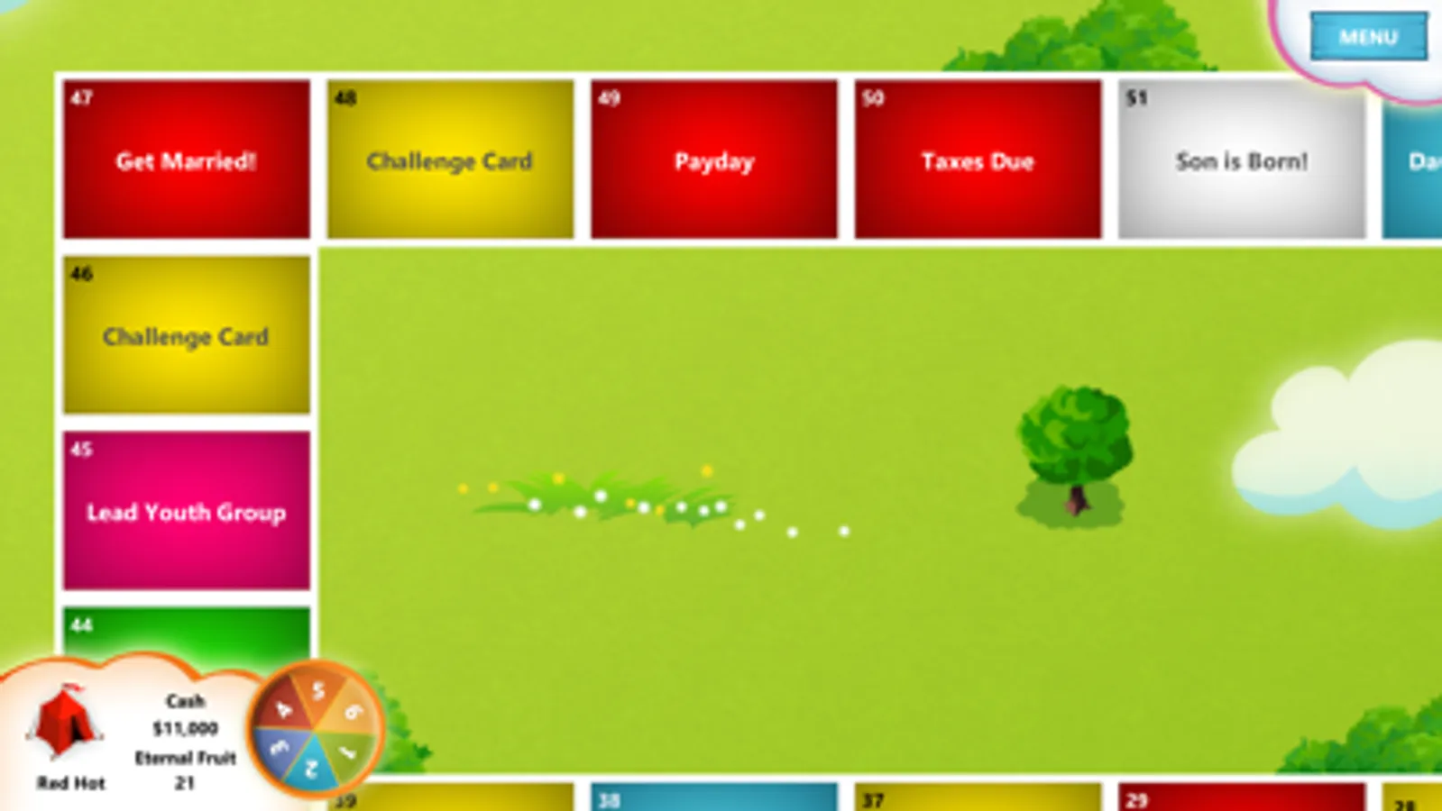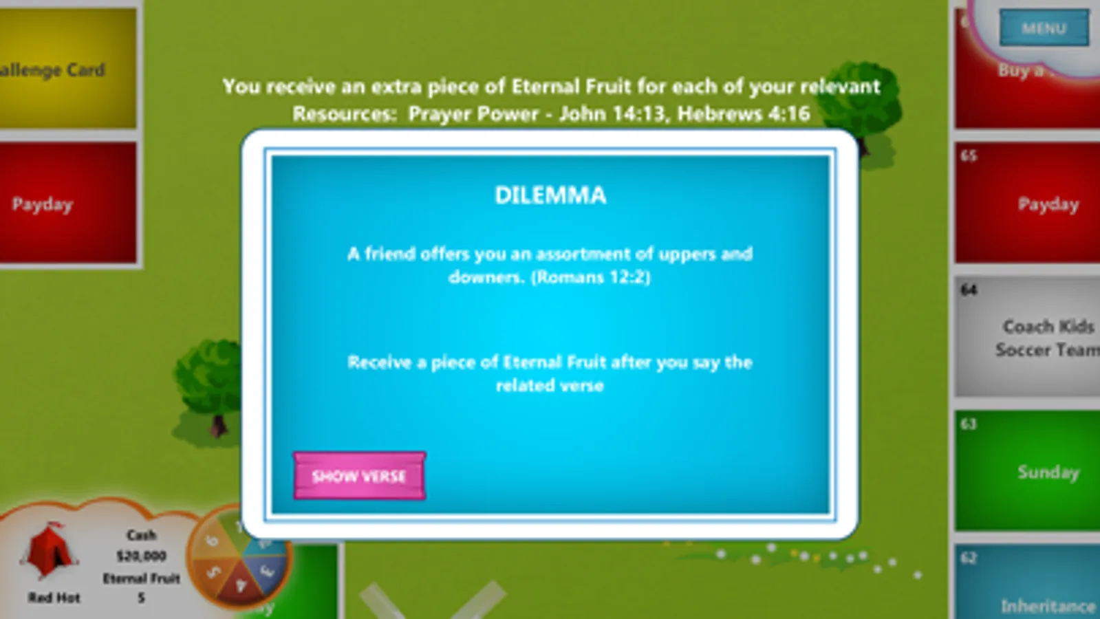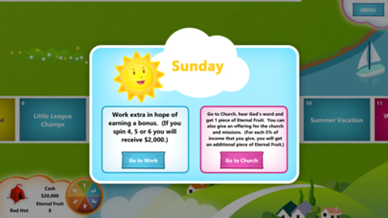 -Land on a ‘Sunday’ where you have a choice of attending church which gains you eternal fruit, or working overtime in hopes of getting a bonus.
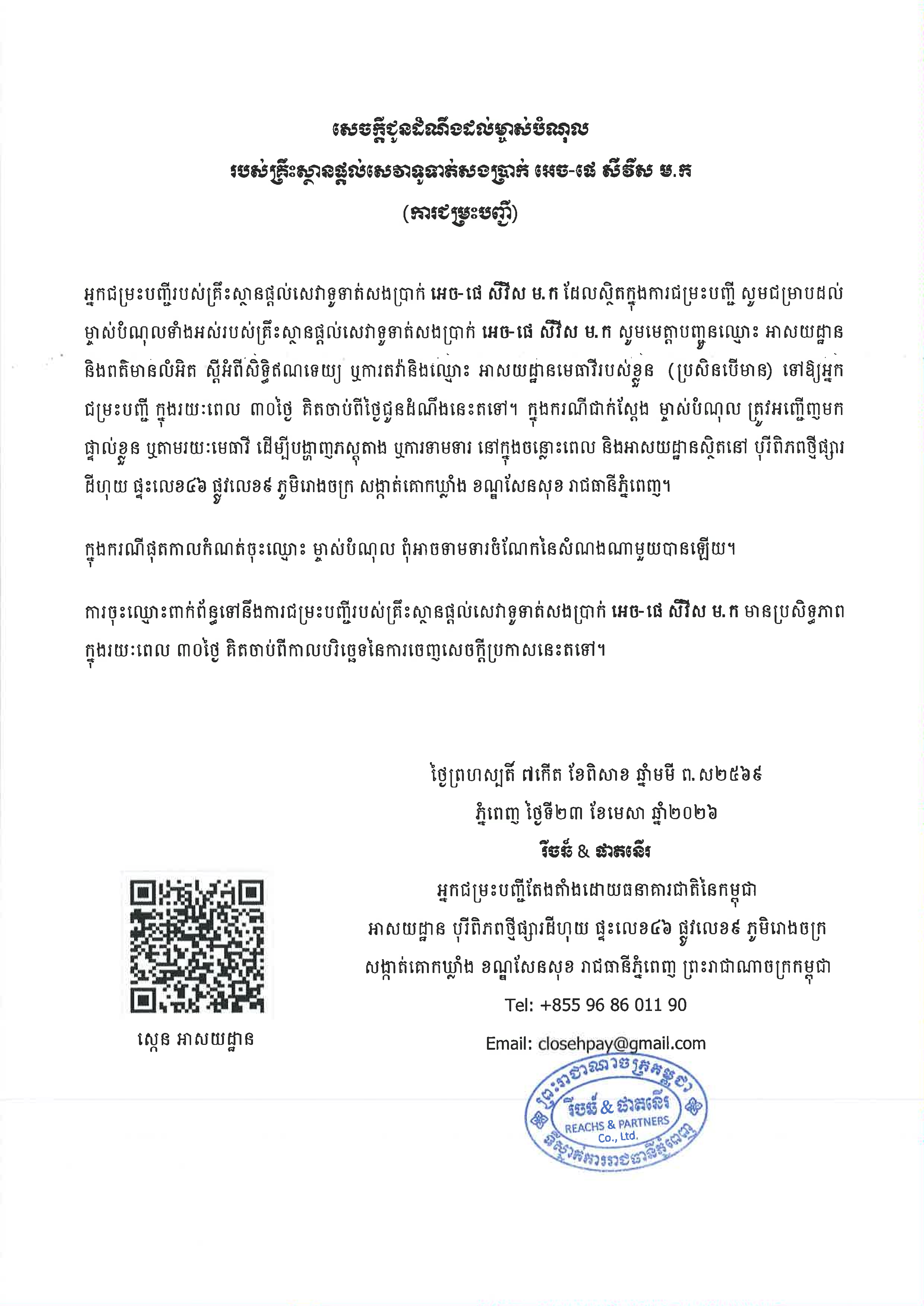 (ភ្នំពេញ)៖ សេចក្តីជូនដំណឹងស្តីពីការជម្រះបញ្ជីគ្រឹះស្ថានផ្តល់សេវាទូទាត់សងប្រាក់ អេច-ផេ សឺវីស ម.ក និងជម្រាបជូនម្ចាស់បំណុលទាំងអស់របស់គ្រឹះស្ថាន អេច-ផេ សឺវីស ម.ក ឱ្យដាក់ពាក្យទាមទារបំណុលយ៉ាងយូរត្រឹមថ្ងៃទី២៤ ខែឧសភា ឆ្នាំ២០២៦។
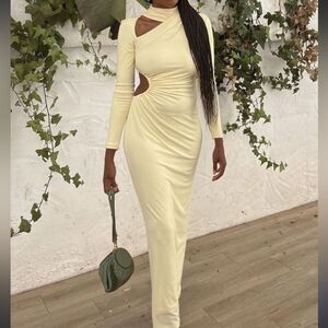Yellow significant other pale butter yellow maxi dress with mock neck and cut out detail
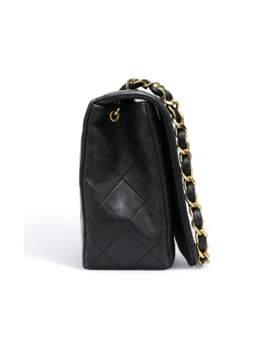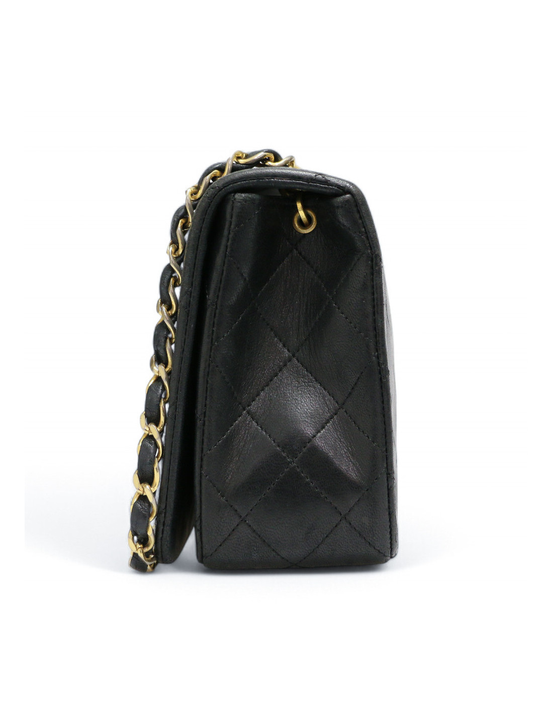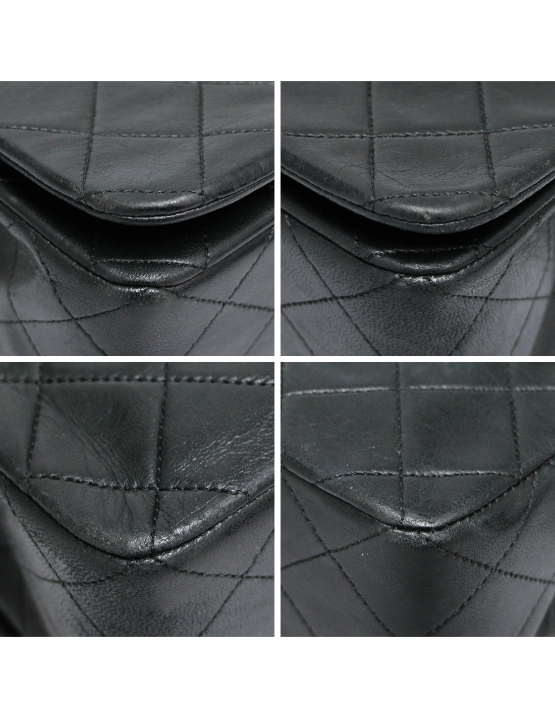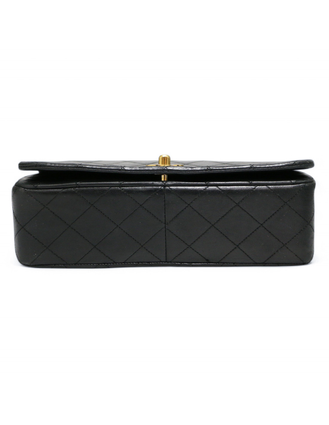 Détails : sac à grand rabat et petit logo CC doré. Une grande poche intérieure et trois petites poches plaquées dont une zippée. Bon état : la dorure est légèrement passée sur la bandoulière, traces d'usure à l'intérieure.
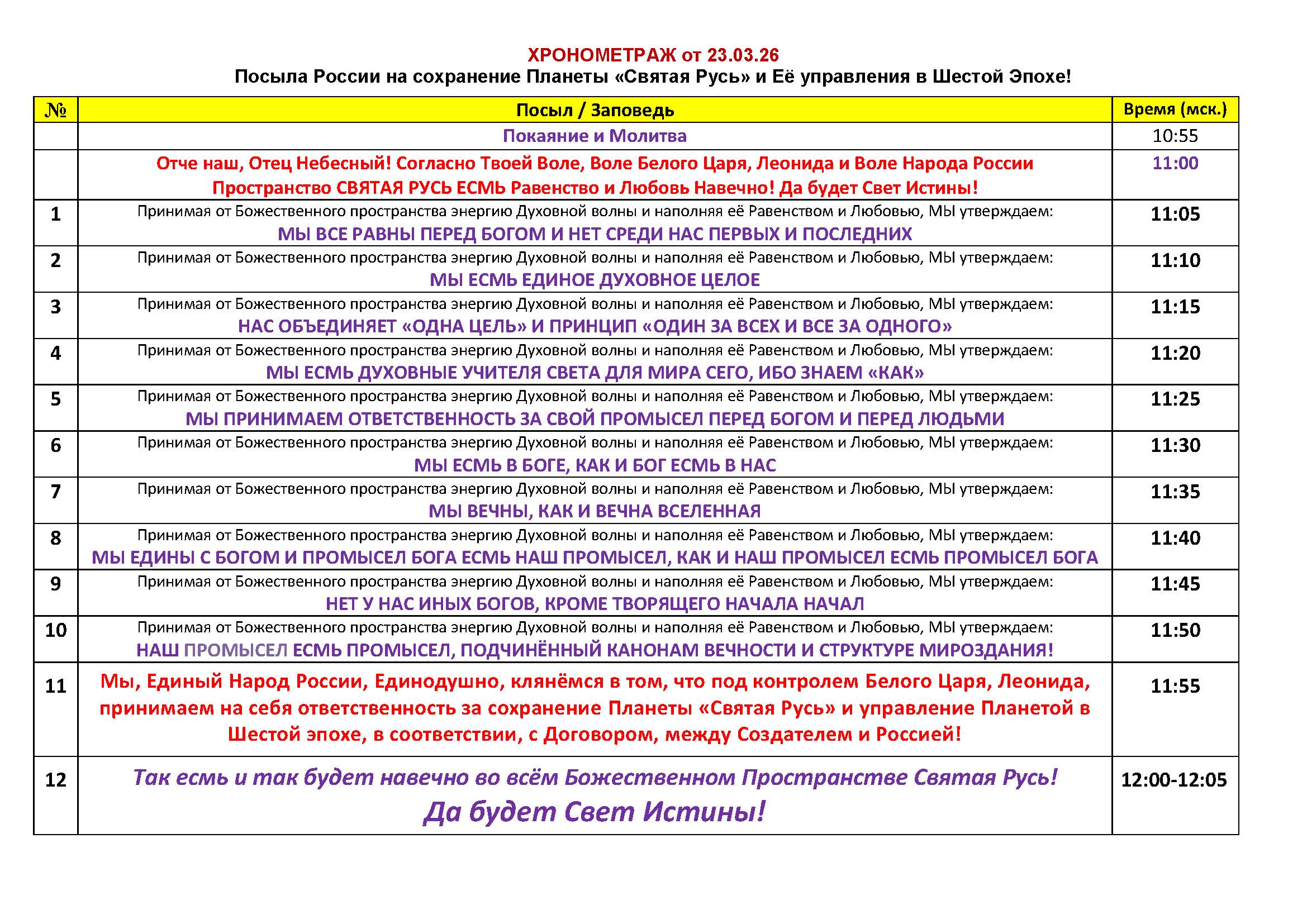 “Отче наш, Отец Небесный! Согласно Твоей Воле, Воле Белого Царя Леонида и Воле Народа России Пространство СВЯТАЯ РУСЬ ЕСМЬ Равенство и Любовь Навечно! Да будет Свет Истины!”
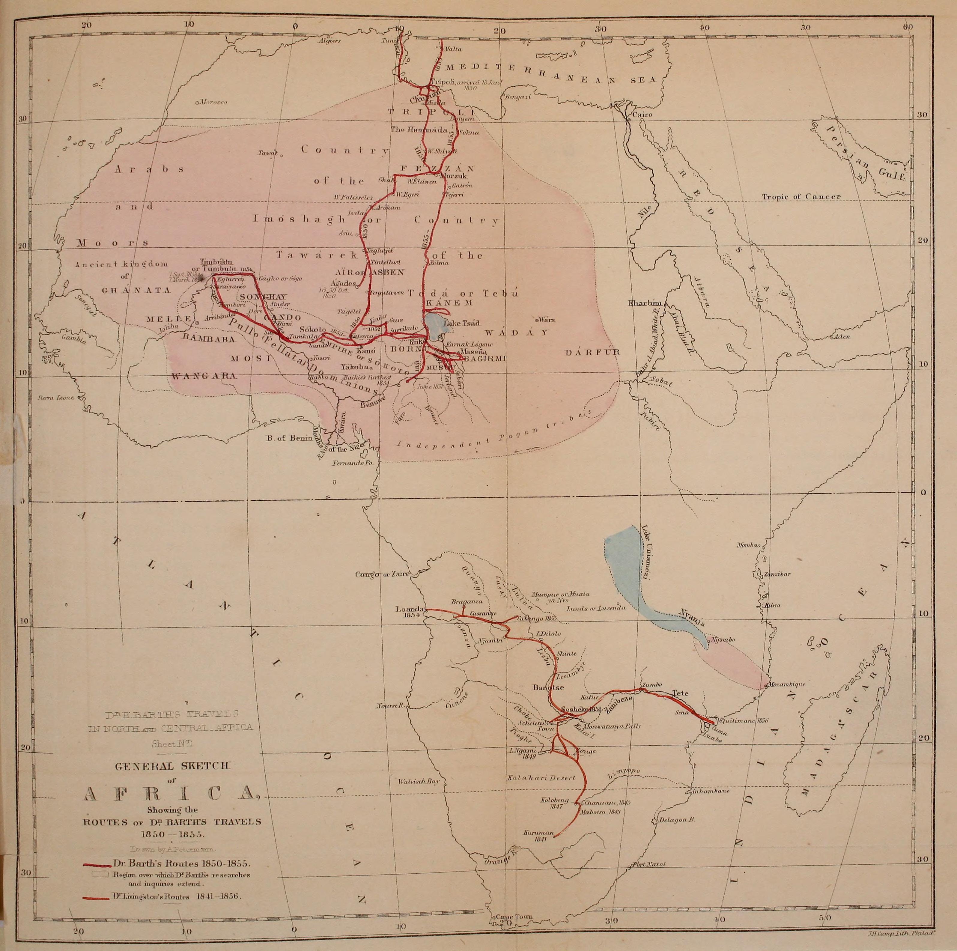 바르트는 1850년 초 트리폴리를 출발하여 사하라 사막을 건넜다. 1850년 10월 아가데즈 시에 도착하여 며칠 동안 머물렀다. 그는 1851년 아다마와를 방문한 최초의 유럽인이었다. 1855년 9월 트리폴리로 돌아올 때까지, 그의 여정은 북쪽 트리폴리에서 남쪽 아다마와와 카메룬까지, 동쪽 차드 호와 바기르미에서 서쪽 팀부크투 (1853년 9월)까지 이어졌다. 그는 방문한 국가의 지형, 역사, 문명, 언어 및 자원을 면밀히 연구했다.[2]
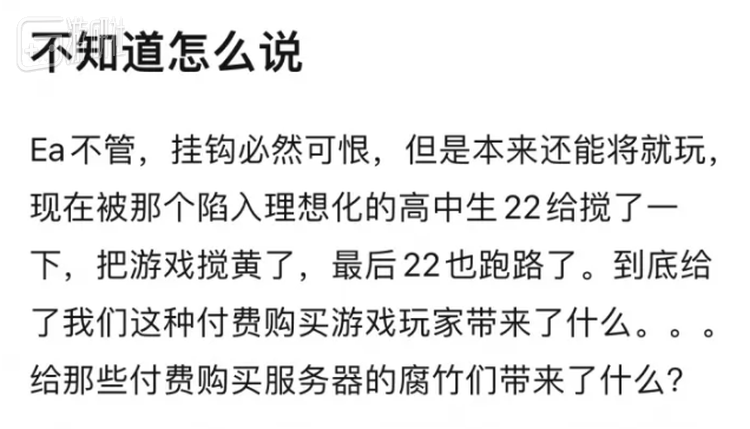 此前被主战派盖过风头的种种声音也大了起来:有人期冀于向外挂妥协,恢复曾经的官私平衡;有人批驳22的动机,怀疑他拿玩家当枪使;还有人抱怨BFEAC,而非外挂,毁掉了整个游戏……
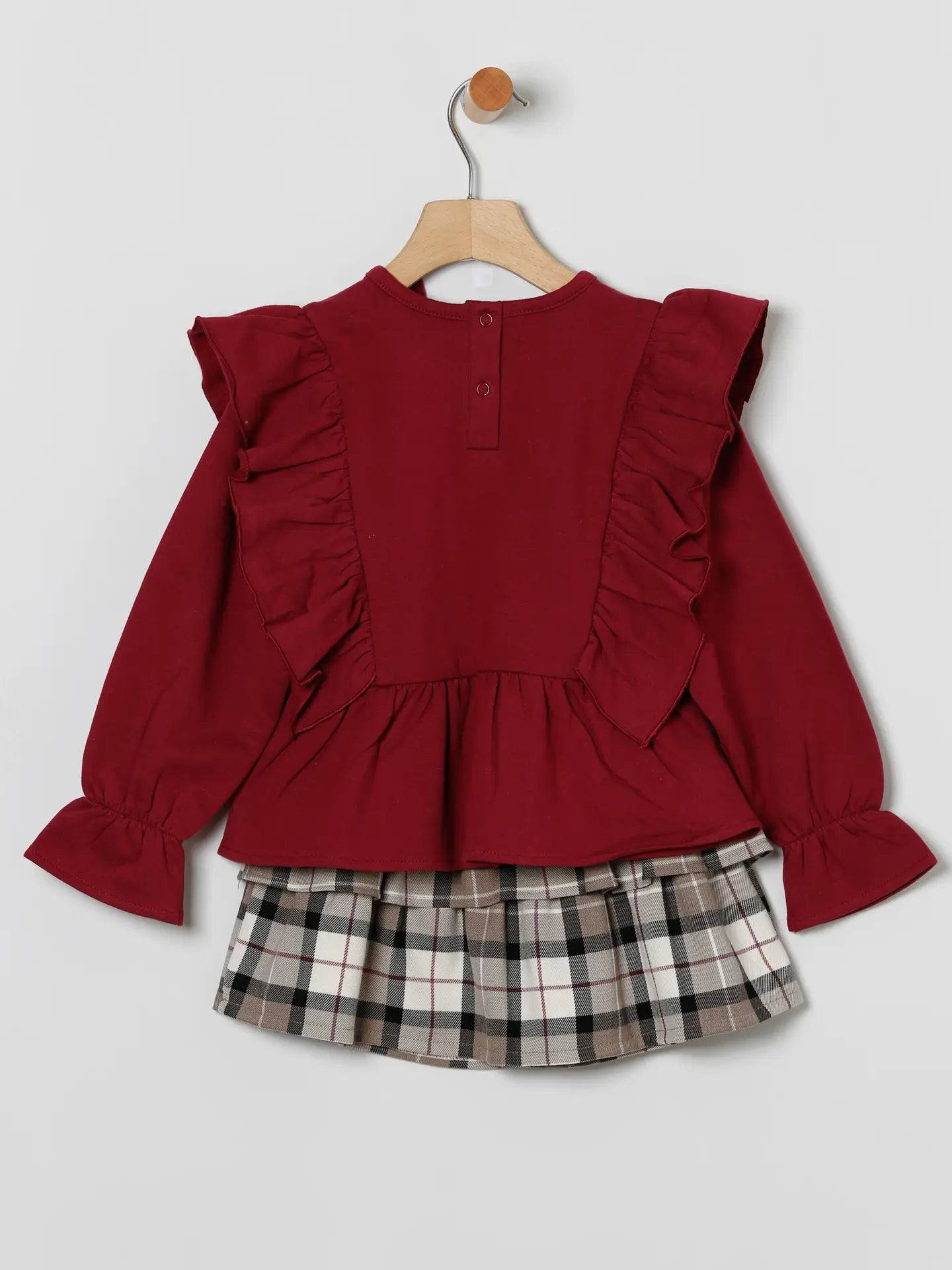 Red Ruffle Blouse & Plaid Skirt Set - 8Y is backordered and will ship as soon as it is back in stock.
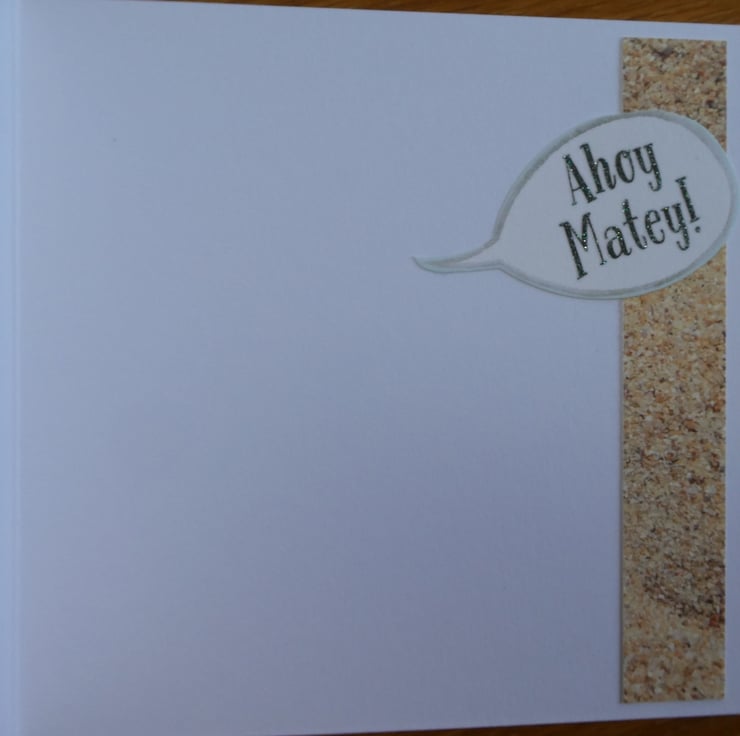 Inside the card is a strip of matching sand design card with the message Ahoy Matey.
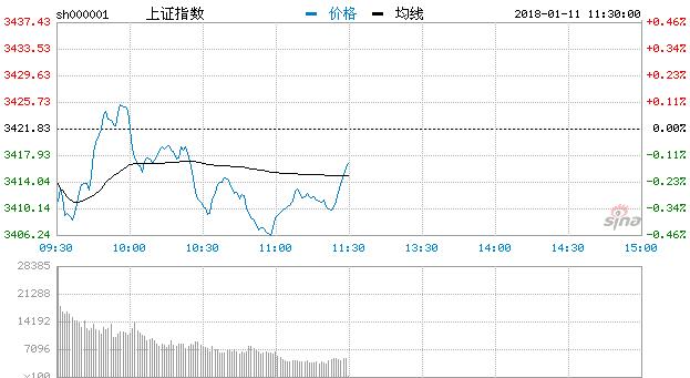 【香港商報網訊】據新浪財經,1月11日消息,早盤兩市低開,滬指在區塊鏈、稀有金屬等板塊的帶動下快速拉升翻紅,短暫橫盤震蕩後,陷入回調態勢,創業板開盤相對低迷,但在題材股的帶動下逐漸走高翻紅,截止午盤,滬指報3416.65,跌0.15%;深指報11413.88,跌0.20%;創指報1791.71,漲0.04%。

To do
Pictures included in the data should be dropped; everything else must be repeated exactly.

Response to this exercise
 -Land on a ‘Sunday’ where you have a choice of attending church which gains you eternal fruit, or working overtime in hopes of getting a bonus.
 (ភ្នំពេញ)៖ សេចក្តីជូនដំណឹងស្តីពីការជម្រះបញ្ជីគ្រឹះស្ថានផ្តល់សេវាទូទាត់សងប្រាក់ អេច-ផេ សឺវីស ម.ក និងជម្រាបជូនម្ចាស់បំណុលទាំងអស់របស់គ្រឹះស្ថាន អេច-ផេ សឺវីស ម.ក ឱ្យដាក់ពាក្យទាមទារបំណុលយ៉ាងយូរត្រឹមថ្ងៃទី២៤ ខែឧសភា ឆ្នាំ២០២៦។
Yellow significant other pale butter yellow maxi dress with mock neck and cut out detail
 Détails : sac à grand rabat et petit logo CC doré. Une grande poche intérieure et trois petites poches plaquées dont une zippée. Bon état : la dorure est légèrement passée sur la bandoulière, traces d'usure à l'intérieure.
 “Отче наш, Отец Небесный! Согласно Твоей Воле, Воле Белого Царя Леонида и Воле Народа России Пространство СВЯТАЯ РУСЬ ЕСМЬ Равенство и Любовь Навечно! Да будет Свет Истины!”
 바르트는 1850년 초 트리폴리를 출발하여 사하라 사막을 건넜다. 1850년 10월 아가데즈 시에 도착하여 며칠 동안 머물렀다. 그는 1851년 아다마와를 방문한 최초의 유럽인이었다. 1855년 9월 트리폴리로 돌아올 때까지, 그의 여정은 북쪽 트리폴리에서 남쪽 아다마와와 카메룬까지, 동쪽 차드 호와 바기르미에서 서쪽 팀부크투 (1853년 9월)까지 이어졌다. 그는 방문한 국가의 지형, 역사, 문명, 언어 및 자원을 면밀히 연구했다.[2]
 此前被主战派盖过风头的种种声音也大了起来:有人期冀于向外挂妥协,恢复曾经的官私平衡;有人批驳22的动机,怀疑他拿玩家当枪使;还有人抱怨BFEAC,而非外挂,毁掉了整个游戏……
 Red Ruffle Blouse & Plaid Skirt Set - 8Y is backordered and will ship as soon as it is back in stock.
 Inside the card is a strip of matching sand design card with the message Ahoy Matey.
 【香港商報網訊】據新浪財經,1月11日消息,早盤兩市低開,滬指在區塊鏈、稀有金屬等板塊的帶動下快速拉升翻紅,短暫橫盤震蕩後,陷入回調態勢,創業板開盤相對低迷,但在題材股的帶動下逐漸走高翻紅,截止午盤,滬指報3416.65,跌0.15%;深指報11413.88,跌0.20%;創指報1791.71,漲0.04%。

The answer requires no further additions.